I haven't seen a fully worked example of a stack-allocated intrusive doubly-linked list in Rust on the internet. (If I had, I would have just used it instead of going to all this trouble.)

Getting the list to pass tests under Miri took some changes to the implementation. I'm still not sure whether the changes were fixing actual safety bugs that were always lurking in the implementation, or whether they were just making Miri's analysis happy -- after all, the tools are not omniscient, and fancy computer science things like the halting problem prevent them from ever being totally perfect.

However, after the changes, the implementation is far more obviously correct, which I appreciate!

So, in this repo, you'll find a working, Miri-approved, stack-allocated, intrusive doubly-linked list implementation, with comments and tests. Is it correct? Possibly not; there are aspects of correctness that Miri and my ad-hoc tests don't cover. But I think it's pretty close!

I hope someone finds this helpful.

Appendix: omg why Rust make u do this

Some people on the internet may take this repo and use it to condemn Rust. "Look at all this code!" they'll say on sites I don't read. "It's so much simpler to do this in C. Rust is silly."

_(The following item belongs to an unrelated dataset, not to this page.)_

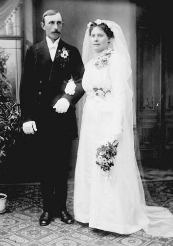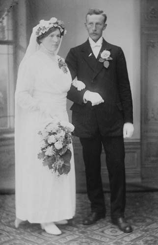 Bildtext: Erik Åkerstam m familj, Bäckmora, omkring år 1910. Erik Eriksson åkerstam *29/6 1866 +31/3 1954. flyttade till Idenor 1913. Helena Eriksson * 28/3 1869 + 23/3 1959. Barnen Erik Einar * 2/6 1893 Jonas Edvard * 8/10 1905 +1959, Olof Gunnar *8/12 1906. Se även bild en-e-163 och en-f-121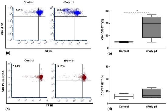 Flow cytometry analysis, using a CFSE probe and labelling with antibodies to specific surface markers, were performed to assess the antigen-specific proliferation of CD4 and CD8 T cell subsets. As demonstrated in Figure 1, we observed a significant expansion of antigen-specific CD4+ T cells (CSFElow) (panels a,b) in the rPoly p 1-sensitized mice in comparison with mice immunized with E. coli protein extract (control group) (17.83 ± 3.04% vs. 4.91 ± 0.12%, p = 0.0293). In contrast, no significant proliferation of antigen-specific CD8 T cells (panels c,d) was detected in comparison with the control (7.80 ± 1.16% vs. 5.76 ± 0.93%, p = 0.3153). These results indicate that rPoly p 1 preferentially induces the expansion of antigen-specific CD4+ T cells.

Since I'm not on HackerNews, allow me to prepare a rebuttal:

The point of a safe list API in Rust is that a user could write arbitrarily unwise code using the API and, as long as they stick to safe code, the worst thing they'll ever encounter is a panic! telling them they've messed up. This means I don't have to think about all the code in the kernel using lists -- I know it's not going to corrupt the kernel.

C only appears simple because it moves all the complexity into your head. It is not possible to write a doubly-linked list implementation in C that is safe against all possible code using its API. In particular, you can trivially break any C intrusive list by just struct-assigning the head or any node to a new location. Dangling pointer time!

(You can do only marginally better in C++ through the diligent application of move and deleted-copy constructors, but that will not result in less code than Rust.)

So, yes, this code is longer than what I'd write in C, and it's worth it to simplify every future use case.